■ **INSTRUCTIONS TO FOLLOW**
In the records below, find the line that contains "فیلم خندهدار لحظات" and the line that contains "Wen Yijia 304". Set down exactly those lines and every line between them, and nothing more.

■ **DATASET RECORDS**

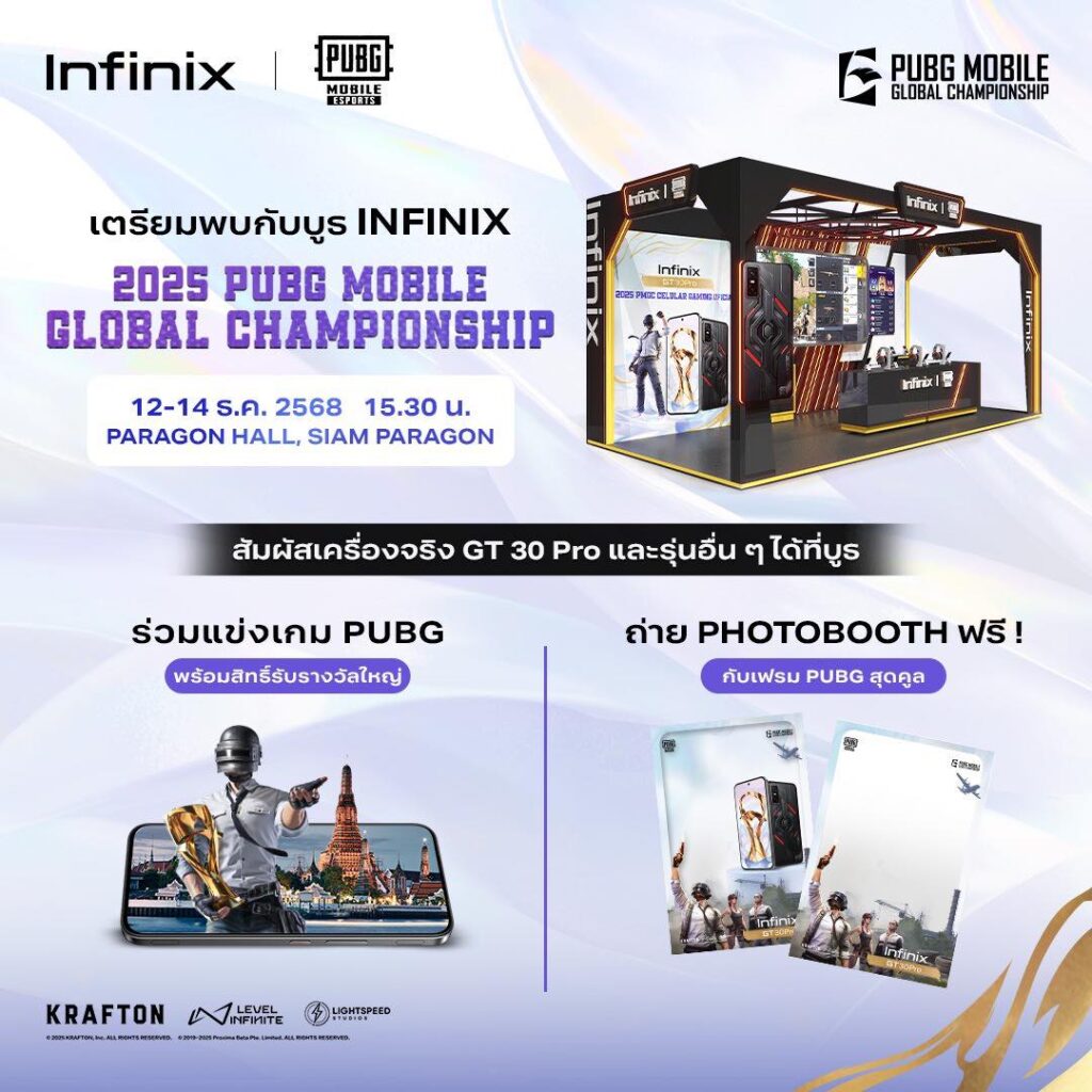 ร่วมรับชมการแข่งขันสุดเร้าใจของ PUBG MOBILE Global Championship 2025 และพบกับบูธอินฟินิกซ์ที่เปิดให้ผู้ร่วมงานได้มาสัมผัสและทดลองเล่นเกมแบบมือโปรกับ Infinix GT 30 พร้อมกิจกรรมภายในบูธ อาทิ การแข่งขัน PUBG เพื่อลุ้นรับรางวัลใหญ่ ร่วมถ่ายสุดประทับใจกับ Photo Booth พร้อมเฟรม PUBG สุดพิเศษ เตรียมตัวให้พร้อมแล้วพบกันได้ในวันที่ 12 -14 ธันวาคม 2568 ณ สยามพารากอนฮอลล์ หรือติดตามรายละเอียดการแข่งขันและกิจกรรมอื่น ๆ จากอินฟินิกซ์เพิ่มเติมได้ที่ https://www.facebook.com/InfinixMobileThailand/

--

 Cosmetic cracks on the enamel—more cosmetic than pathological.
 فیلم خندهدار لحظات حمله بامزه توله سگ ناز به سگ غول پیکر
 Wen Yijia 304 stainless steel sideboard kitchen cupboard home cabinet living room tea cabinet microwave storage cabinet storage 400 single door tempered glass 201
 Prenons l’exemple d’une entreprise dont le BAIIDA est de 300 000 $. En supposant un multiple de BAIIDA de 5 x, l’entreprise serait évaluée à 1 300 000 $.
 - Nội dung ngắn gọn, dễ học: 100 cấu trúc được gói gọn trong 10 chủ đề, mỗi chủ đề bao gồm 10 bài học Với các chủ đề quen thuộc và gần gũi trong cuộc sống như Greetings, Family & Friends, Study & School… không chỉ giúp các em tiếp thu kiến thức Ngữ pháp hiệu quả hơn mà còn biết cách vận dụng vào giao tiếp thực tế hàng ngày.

==

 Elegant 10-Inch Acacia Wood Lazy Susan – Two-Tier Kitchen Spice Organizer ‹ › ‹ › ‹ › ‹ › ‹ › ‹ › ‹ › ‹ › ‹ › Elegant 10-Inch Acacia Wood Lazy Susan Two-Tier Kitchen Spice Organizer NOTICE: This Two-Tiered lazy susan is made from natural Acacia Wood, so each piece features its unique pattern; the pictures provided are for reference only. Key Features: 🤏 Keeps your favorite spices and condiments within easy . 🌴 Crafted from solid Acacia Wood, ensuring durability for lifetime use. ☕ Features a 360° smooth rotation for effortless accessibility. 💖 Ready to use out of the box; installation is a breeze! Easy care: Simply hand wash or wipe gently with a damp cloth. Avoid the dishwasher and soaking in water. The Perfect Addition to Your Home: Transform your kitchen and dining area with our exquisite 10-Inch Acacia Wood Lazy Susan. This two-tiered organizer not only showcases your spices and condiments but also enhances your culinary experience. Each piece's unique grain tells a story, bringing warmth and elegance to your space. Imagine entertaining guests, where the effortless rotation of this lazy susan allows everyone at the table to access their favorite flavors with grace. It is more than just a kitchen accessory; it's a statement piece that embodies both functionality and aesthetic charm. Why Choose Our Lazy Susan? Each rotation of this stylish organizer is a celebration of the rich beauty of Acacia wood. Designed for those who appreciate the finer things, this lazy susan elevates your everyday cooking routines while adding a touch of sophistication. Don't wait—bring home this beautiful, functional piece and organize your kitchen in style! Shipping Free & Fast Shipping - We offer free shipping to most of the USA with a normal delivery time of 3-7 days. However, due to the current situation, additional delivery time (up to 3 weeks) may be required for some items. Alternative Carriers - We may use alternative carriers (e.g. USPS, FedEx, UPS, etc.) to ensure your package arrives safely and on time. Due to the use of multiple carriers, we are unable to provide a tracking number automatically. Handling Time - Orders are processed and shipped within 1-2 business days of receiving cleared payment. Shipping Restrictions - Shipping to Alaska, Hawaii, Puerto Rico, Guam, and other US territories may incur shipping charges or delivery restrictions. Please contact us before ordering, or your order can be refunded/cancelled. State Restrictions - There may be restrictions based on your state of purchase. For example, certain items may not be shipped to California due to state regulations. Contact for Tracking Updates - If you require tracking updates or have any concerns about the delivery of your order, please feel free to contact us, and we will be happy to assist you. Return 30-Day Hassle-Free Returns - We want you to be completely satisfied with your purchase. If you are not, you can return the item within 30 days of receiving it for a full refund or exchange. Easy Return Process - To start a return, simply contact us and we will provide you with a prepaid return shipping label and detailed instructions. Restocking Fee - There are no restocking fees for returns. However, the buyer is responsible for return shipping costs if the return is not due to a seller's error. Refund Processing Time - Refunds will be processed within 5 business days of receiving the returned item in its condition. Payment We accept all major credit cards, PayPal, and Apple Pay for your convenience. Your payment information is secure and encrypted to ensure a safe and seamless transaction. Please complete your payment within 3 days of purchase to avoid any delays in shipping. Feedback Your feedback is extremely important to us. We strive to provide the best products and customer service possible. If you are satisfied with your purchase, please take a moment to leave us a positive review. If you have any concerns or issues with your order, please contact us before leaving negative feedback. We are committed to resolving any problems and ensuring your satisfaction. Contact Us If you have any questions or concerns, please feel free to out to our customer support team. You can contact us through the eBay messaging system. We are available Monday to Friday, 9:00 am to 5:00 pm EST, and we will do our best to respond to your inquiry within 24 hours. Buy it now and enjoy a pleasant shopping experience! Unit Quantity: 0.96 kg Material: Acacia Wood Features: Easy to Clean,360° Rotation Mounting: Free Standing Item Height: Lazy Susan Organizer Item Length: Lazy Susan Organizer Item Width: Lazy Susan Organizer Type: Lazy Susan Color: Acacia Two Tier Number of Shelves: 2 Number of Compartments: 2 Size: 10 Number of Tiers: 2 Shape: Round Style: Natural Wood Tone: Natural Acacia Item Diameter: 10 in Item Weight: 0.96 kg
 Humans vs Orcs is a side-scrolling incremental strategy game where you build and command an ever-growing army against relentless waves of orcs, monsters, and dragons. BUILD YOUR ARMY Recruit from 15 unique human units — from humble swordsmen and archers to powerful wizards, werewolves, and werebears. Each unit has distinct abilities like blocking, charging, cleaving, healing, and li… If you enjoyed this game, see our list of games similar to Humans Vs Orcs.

■ **WRITTEN SOLUTION**
 فیلم خندهدار لحظات حمله بامزه توله سگ ناز به سگ غول پیکر
 Wen Yijia 304 stainless steel sideboard kitchen cupboard home cabinet living room tea cabinet microwave storage cabinet storage 400 single door tempered glass 201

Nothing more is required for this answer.